For instance, some courts continue to consider human intervention in the process of compiling dialer lists as sufficient to remove equipment from statutory coverage. See:

  • Gaza v. Auto Glass America, LLC, Case No. 8:17-cv-01811, Doc. No. 42 (M.D. Fl. Nov. 2, 2019)( creation of a dialer list by virtue of manual review of invoices and other documents to create an excel spreadsheet of phone numbers and contact info sufficient human intervention to defeat inference of ATDS usage)
  • Ramos v. Hopele of Fort Lauderdale, No. 17-62100-CIV-MORE, 2018 U.S. Dist. LEXIS 139947 (S.D. Fla. Aug. 16, 2018)(human intervention of physically inputting numbers, drafting messages, selecting recipients, choosing date and time to send the message, and manually hitting a “send” button sufficient)

Not all cases agree, however, and numerous decisions have rejected human intervention as insufficient if it is not employed at the time numbers are dialed.

At least one court has squarely held that the required “human intervention” looks to whether or not the “timing” of the message is selected by a computer or a human being. See Duran v LaBoom Disco, Case No. 17-cv-7331, 2019 U.S. Dist. LEXIS 30012 (E.D.N.Y.).

Whatever else may be sufficient, courts continue to consider “click to dial” systems outside the purview of statutory coverage—perhaps even applying Marks. See:

  • Hatuey v.
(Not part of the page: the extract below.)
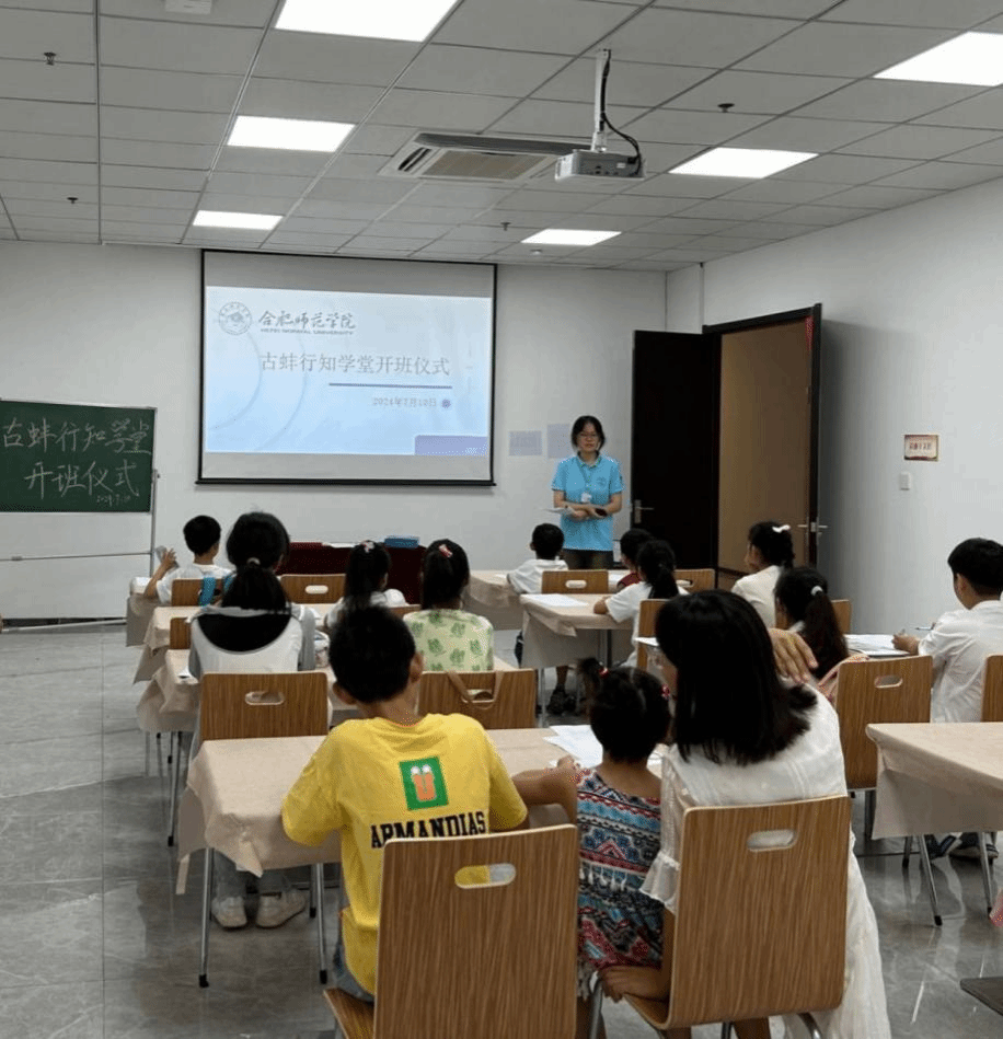 开班仪式上,“小先生”代表韩旭为小学员和家长介绍了古蚌社区行知学堂的必修课程以及特色活动,陈述了学堂意义,以及告知了课程时间和安排。古蚌社区行知学堂设置有英雄人物事迹讲述、传统文化宣传、当地文化特色普及、手工制作课程、安全防护讲堂、硬笔书法、特色科学等特色课程。接下来,小学员们轮流上台进行自我介绍,彼此间有了初步了解和认识,同时也拉近了师生间距离。

IC Sys., No. 1:16-cv-12542-DPW, 2018 U.S. Dist. LEXIS 193713 (D. Mass. Nov. 14, 2018)(granting MSJ on ATDS use because – even under the broadest reading of the definition of ATDS – click to dial was not an ATDS.)
  • Maddox v. CBE Grp., Inc., No.: 1:17-cv-1909-SCJ, 2018 WL 2327037 (N.D. Ga. May 22, 2018)(click to dial meets “human intervention test”);
  • Glasser v. Hilton Grand Vacations Co., No. 8:16-cv-952-JDW-AAS, 2018 U.S. Dist. LEXIS 162867 (M.D. Fla. Sep. 24, 2018) (click to dial meets “human intervention” test).